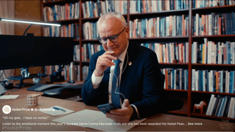 Momentul emoționant în care Maria Corina Machado, lidera opoziției democratice din Venezuela, a fost anunțată prin telefon, de directorul Institutului Norvegian pentru premiile Nobel, că a câștigat premiul Nobel pentru Pace 2025, a fost surprins video și postat pe pagina de Facebook a premiilor Nobel, vineri, 10 octombrie, la scurt timp după anunțul oficial. „Oh, Doamne! Nu am cuvinte. Eu sunt doar o persoană, sigur nu merit premiul”, a spus ea.
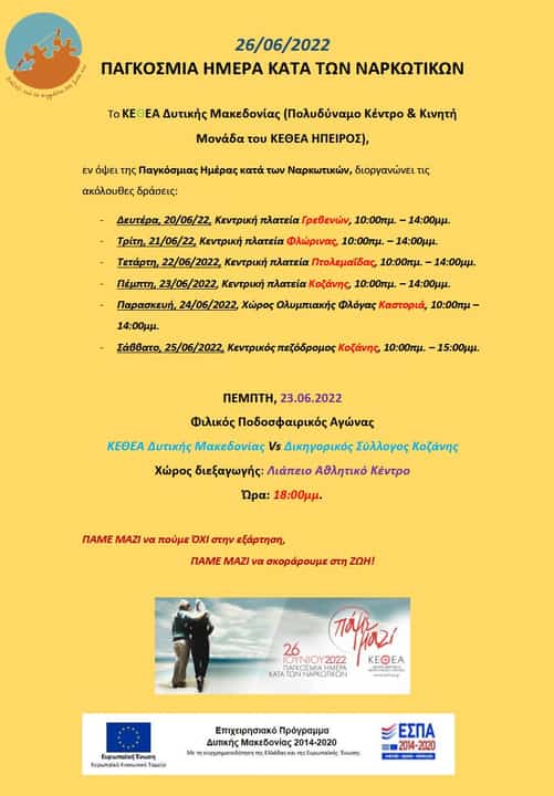 Το Κέντρο Θεραπείας Εξαρτημένων Ατόμων (ΚΕΘΕΑ) Δυτικής Μακεδονίας εν όψει της Παγκόσμιας Ημέρας κατά των Ναρκωτικών διοργανώνει ακόλουθες δράσεις με ενημερωτικά περίπτερα σε κεντρικά σημεία της Κοζάνης, Πτολεμαΐδας, Φλώρινας, Καστοριάς και Γρεβενών:
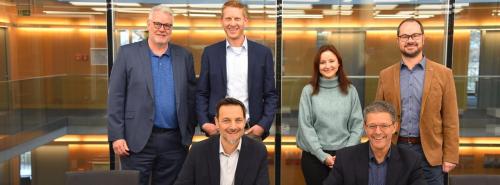 Im Dezember 2023 wurden die Verträge unterzeichnet. In der hinteren Reihe von links: Rechtsanwalt Matthias Weise (Terra Consulting GmbH), Daniel Köpf (EnBW Contracting GmbH), Anastasia Mitrou (Sachgebietsleitung Hochbau), Michael Bauer (Beigeordneter); vordere Reihe von links: Matthias Schnerring (EnBW Contracting) und Wernaus Bürgermeister a. D. Armin Elbl Quelle: Stadt Wernau |
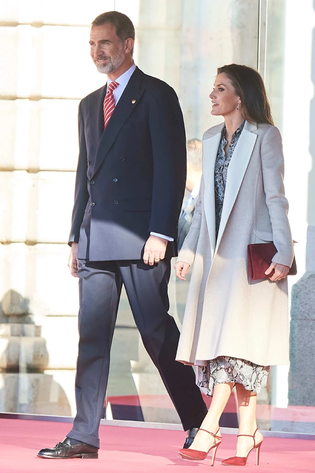 Elképesztően vagány! A bordó kiegészítőknek és a bézs kabátnak köszönhetően pedig a kifinomult elegancia megtestesítője. Észrevetted, hogy Letícia kiegészítői és Fülöp király nyakkendője tökéletes összhangban vannak?
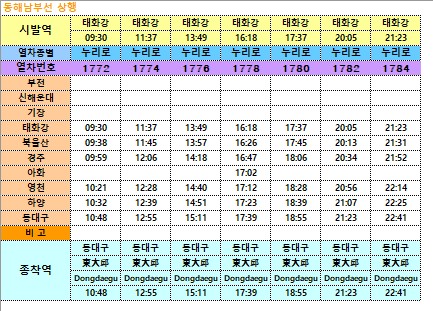 코레일 정책 및 기상상황등에 따라 기차 시간표 운임요금 등이 달라 질 수 있으므로 예매 할때 다시 확인해야 합니다.
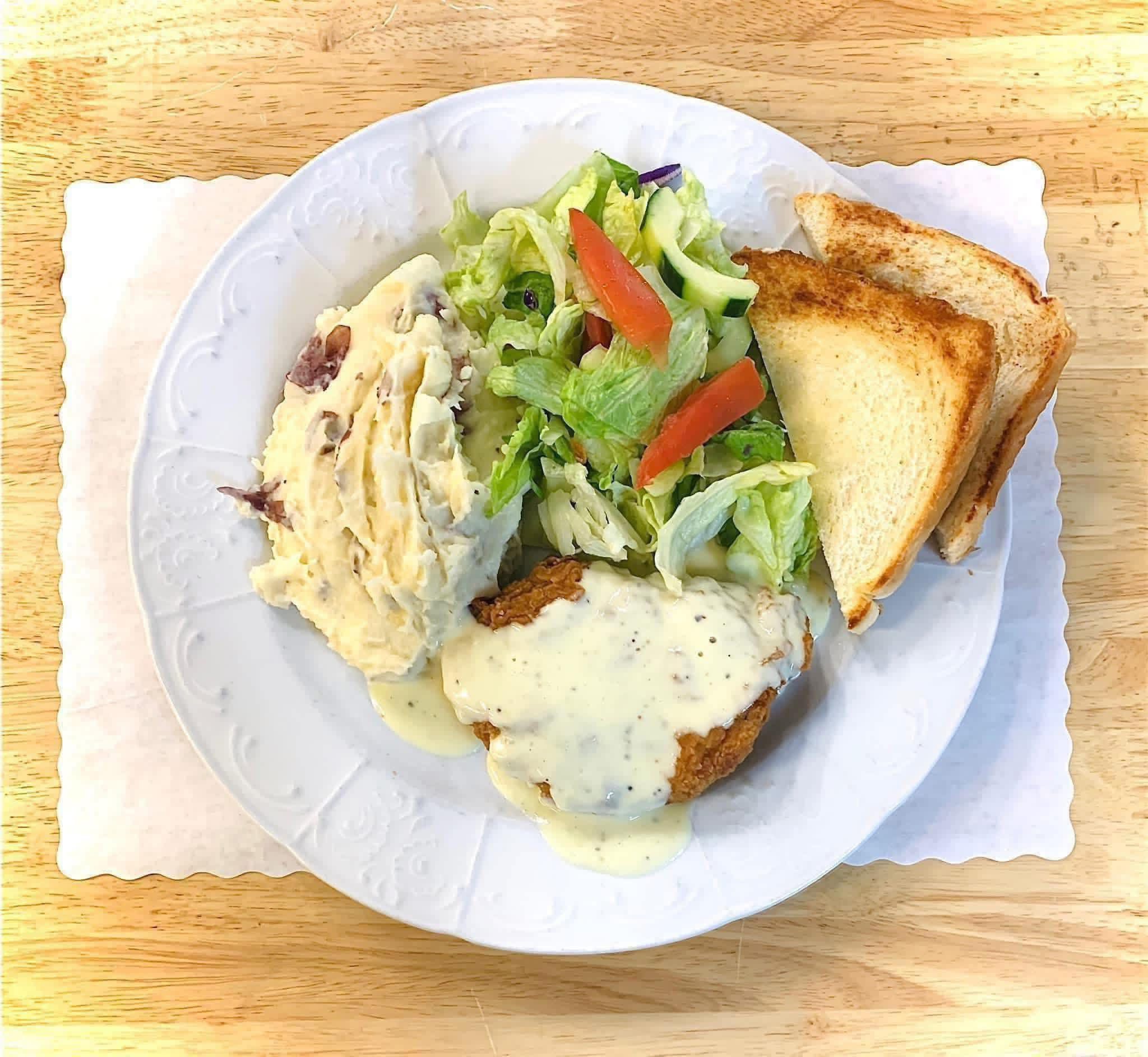 Monday is for Southern comfort food. Crispy chicken breasts are served with a side of homemade gravy, creamy mashed potatoes and a side salad with ranch dressing. Texas toast for the finish! $13.00 per person
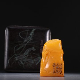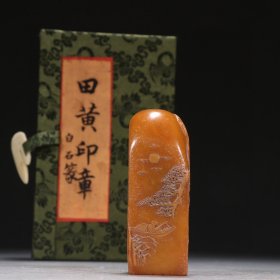 白石篆 田黄石雕山水人物印章 规格:高8.6cm宽3.1cm重200g
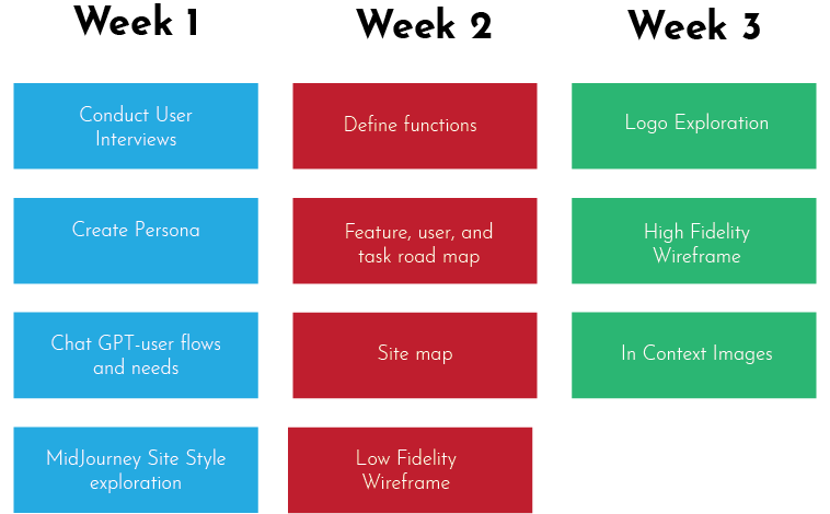 Given the time constraints, there was no time for a low-fidelity wireframe mockup as stated in the timeline.
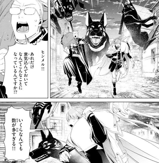 前回、ドワーフのキーゼルから女神に関する文献の情報を得ましたが、村は魔物の巣窟となっていると警告を受けていました。ヒンメルは望むところさ、と意気込んで村に立ち入りましたが、想像以上の魔物の巣窟となっていて、全員が全力疾走で逃げています。

########

◆ YOUR OBJECTIVE
Write out, exactly and with no pictures, the lines of the data from the first through the line containing "Im Dezember 2023".

◆ TASK ANSWER
 Momentul emoționant în care Maria Corina Machado, lidera opoziției democratice din Venezuela, a fost anunțată prin telefon, de directorul Institutului Norvegian pentru premiile Nobel, că a câștigat premiul Nobel pentru Pace 2025, a fost surprins video și postat pe pagina de Facebook a premiilor Nobel, vineri, 10 octombrie, la scurt timp după anunțul oficial. „Oh, Doamne! Nu am cuvinte. Eu sunt doar o persoană, sigur nu merit premiul”, a spus ea.
 Το Κέντρο Θεραπείας Εξαρτημένων Ατόμων (ΚΕΘΕΑ) Δυτικής Μακεδονίας εν όψει της Παγκόσμιας Ημέρας κατά των Ναρκωτικών διοργανώνει ακόλουθες δράσεις με ενημερωτικά περίπτερα σε κεντρικά σημεία της Κοζάνης, Πτολεμαΐδας, Φλώρινας, Καστοριάς και Γρεβενών:
 Im Dezember 2023 wurden die Verträge unterzeichnet. In der hinteren Reihe von links: Rechtsanwalt Matthias Weise (Terra Consulting GmbH), Daniel Köpf (EnBW Contracting GmbH), Anastasia Mitrou (Sachgebietsleitung Hochbau), Michael Bauer (Beigeordneter); vordere Reihe von links: Matthias Schnerring (EnBW Contracting) und Wernaus Bürgermeister a. D. Armin Elbl Quelle: Stadt Wernau |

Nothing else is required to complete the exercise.